Are we allowed to use metadata to make predictions or will that lead to disqualification ?
Hi @Loki_K! Can you be a little more specific about what metadata you are considering using?
I’m talking about metadata provided on competition website. Am wondering if I can use date time feature, cause test and train dateranges overlap know?!
Also can i know what percentage of actual test data is used for public leaderboard?
You can use the date and time metadata for prediction. The date ranges do overlap between train and test, but geographic areas do not. This means that none of the test set locations are in the training data, so your model’s performance will be measured on unseen locations.
If you are worried about a more specific approach, don’t hesitate to reach out again!
We are not releasing the percent of the test data used for the public leaderboard.
Ohh. I didn’t see this. Thank you.
Sry for these silly questions. I just want to make sure my approach is right.
So does this refer to metadata too?
Yes, that does also refer to metadata. For a given sample, you can only use information that was already available at the time the sample was taken.

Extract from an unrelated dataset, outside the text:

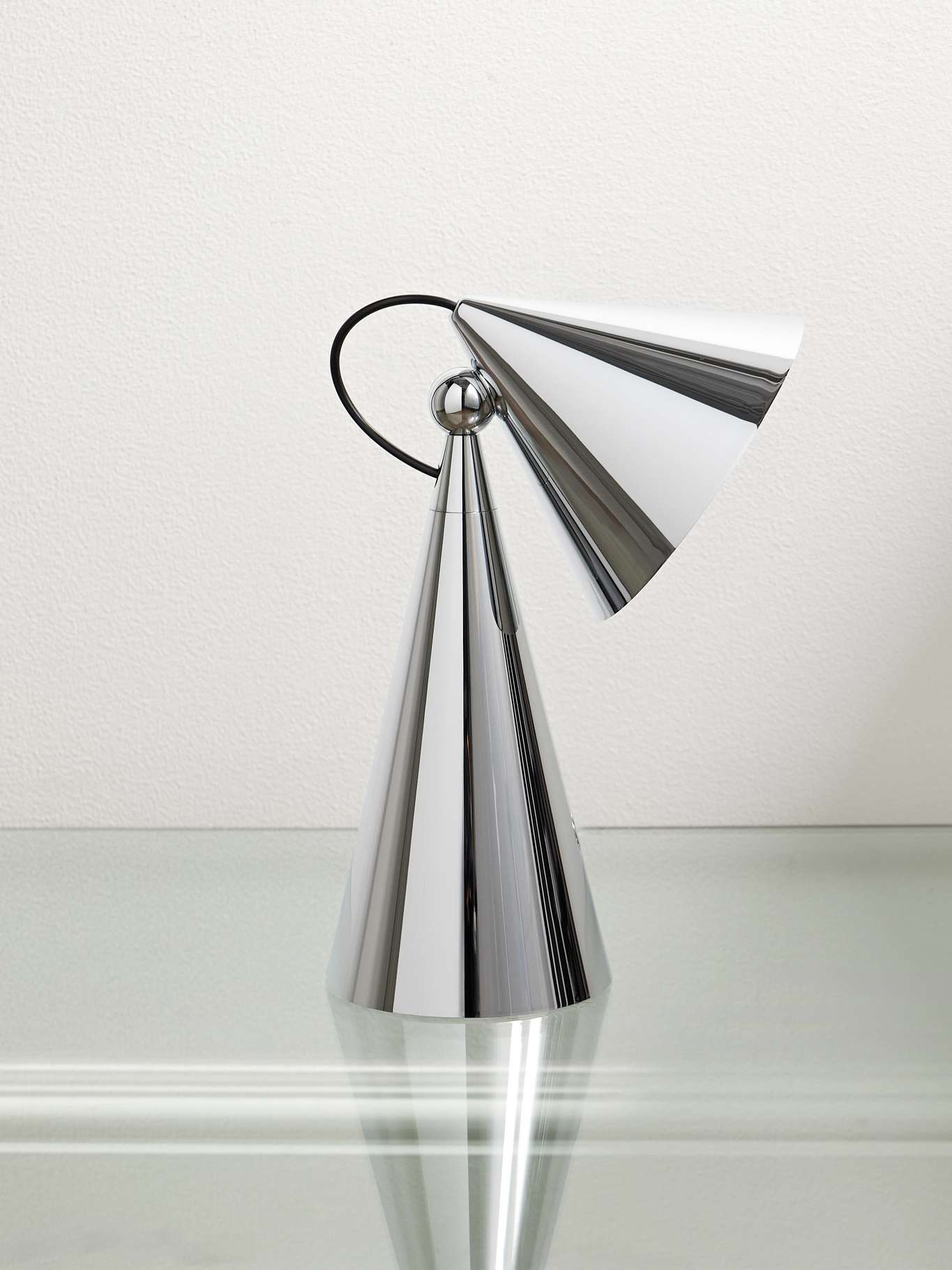 Tom Dixon's 'Pose Portable' lamp evokes mid-century design and futurism with clean, sculptural lines. It's made from polished silver-tone ABS and houses a 3-step touch-dimmable LED ring light. The wireless design keeps it minimalistic and easy to move around.

Thank you for the clarification
My question is similar to Loki’s. Is it possible to use any feature in the metadata (month, latitude, longitude and density) in the modeling? I understand dates should not overlap. That is, if I am making a prediction for a datapoint in Jan-2015 I can only use data obtained before Jan-2015 to make that prediction.
I guess you can use any feature as long as there is no overlap.
@trex3 Yes, you can use features in the provided metadata (either from the competition data or from one of the approved sources) as long as the data was available at the time of the sample you are predicting on. Your example is correct - for a data point in Jan 2015, you could only use metadata from Jan 2015 or earlier.
Feel free to reach out with any other questions!